Congress has authorized the payment for oncologists reporting whether their treatment adheres to guidelines. Greg Pawelski, who follows the oncology market very carefully, was not too impressed.
When Senate Finance Committee Chairman Chuck Grassley found out that the value of the approximately $300 million-a-year medicare chemotherapy demonstration project to report on a patient’s level of nausea, vomiting, pain and fatigue was for nothing (providers were being paid $130 to simply forward the data that is already collected), they hoodwinked Congress into additional reimbursement to oncologists that report whether their treatment adheres to practice guidelines published by either NCCN or ASCO.

Looks like cancer patients will have to continue overpaying their oncologists and not have access to cutting-edge cancer treatments, and continue to suffer side-effect consequences and even death. The system will continue to serve the clinical investigators and the clinical oncologists, but not serve the best interests of cancer patients.
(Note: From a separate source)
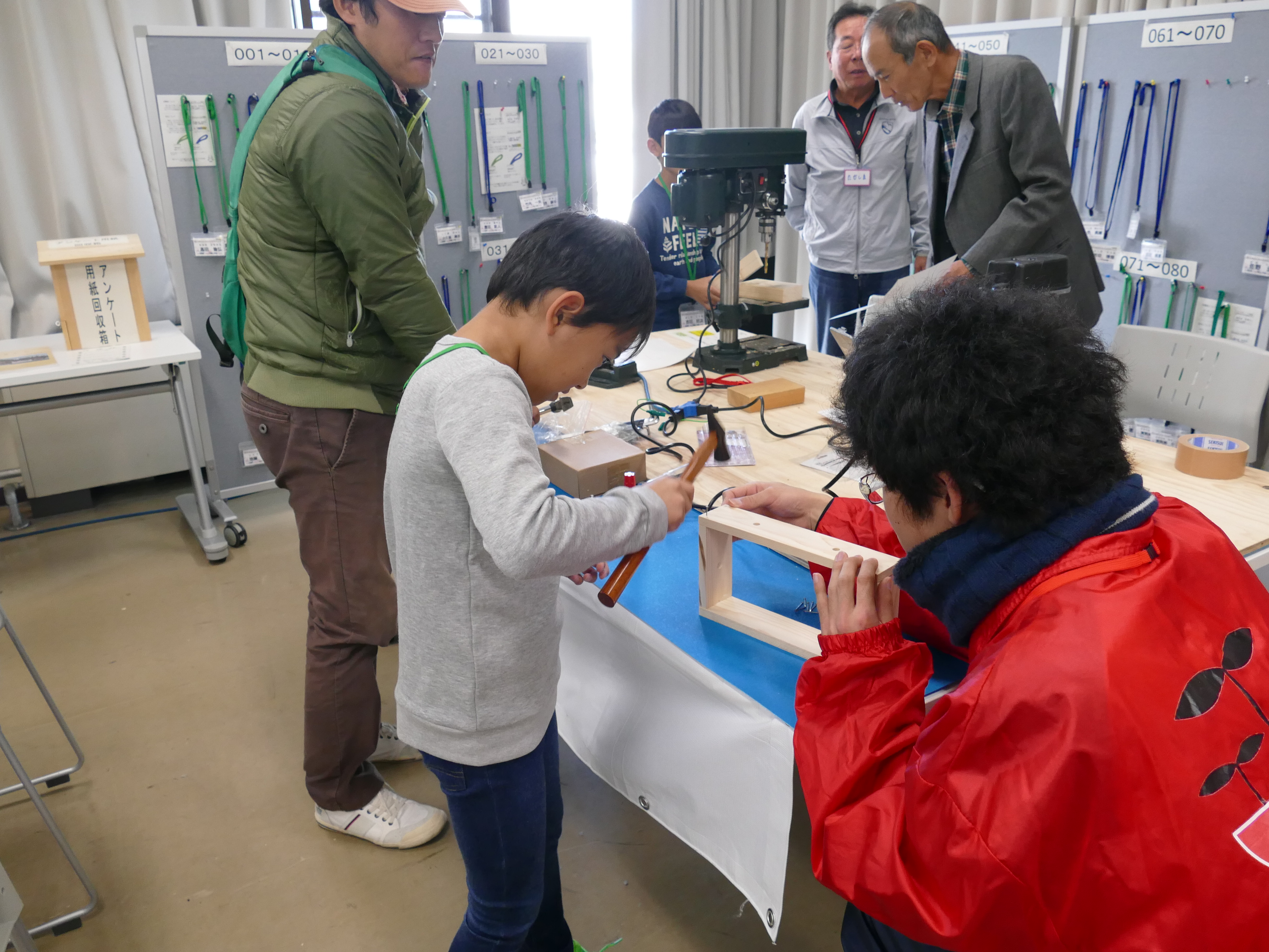 11月12日(土)午前9時~11時、詫間キャンパスにおいて三豊市少年少女発明クラブ「木工からくり教室(1) 」が開催されました。詫間キャンパスロボコンチーム「TEAM ARK」の学生がサポートしました。
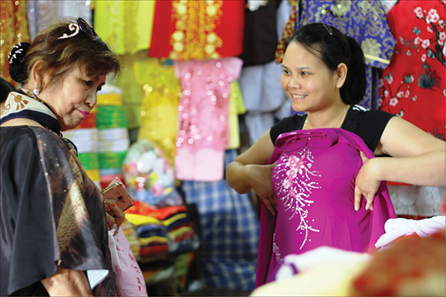 Du khách chọn mua áo dài tại chợ Đông Ba, TP. Huế

I think that the concept that some "authoritative" organization (made up primarily of practitioners and researchers with built in conflicts of interest) should determine the "correct" approach to cancer treatment has been very harmful to progress.

9 replies »

  1. Eric
    M.D. Anderson Cancer Center is taking a new look at how to evaluate new medicines and treatments for cancer. “We need to rethink how we design and conduct clinical trials in the U.S.” says Dr. Donald Berry, one of its scientists. He feels that we should turn the ‘statistical method’ used to evaluate new drugs on its head, stating that it limits innovation and learning.
    What he’s talking about is the adoption of the Bayesian method of science because it is more in line with how science works. They are putting this approach to the test with more than 100 cancer-related phase I and II clinical trials being planned or carried out using the Bayesian approach. Of course, the Bayesian method is no stranger to the technology of Cell Culture Assay Testing (Chemosensitivity Testing). In fact, it is what gives credit to the accuracy of assay testing.
    Clinical trials test the efficacy (not the accuracy) of a drug. The efficacy of a drug is to produce a desired effect, which is tumor response (shrinkage). Single arm clinical trials provide the tumor response evidence that is the basis for approving new cancer drugs. The Bayesian methology can bring some much-needed “accuracy” to the forefront of clinical trials.
    Clearly, more effective cancer therapies are desperately needed, and after 30 years of investigation aimed at intensified multi-agent chemotherapy, we should look for other avenues of study. In an era of ever-increasing numbers of partially effective cancer therapeutics, there is an obvious need for more accurate methologies. We cannot afford any more ‘trial-and-error’ treatments.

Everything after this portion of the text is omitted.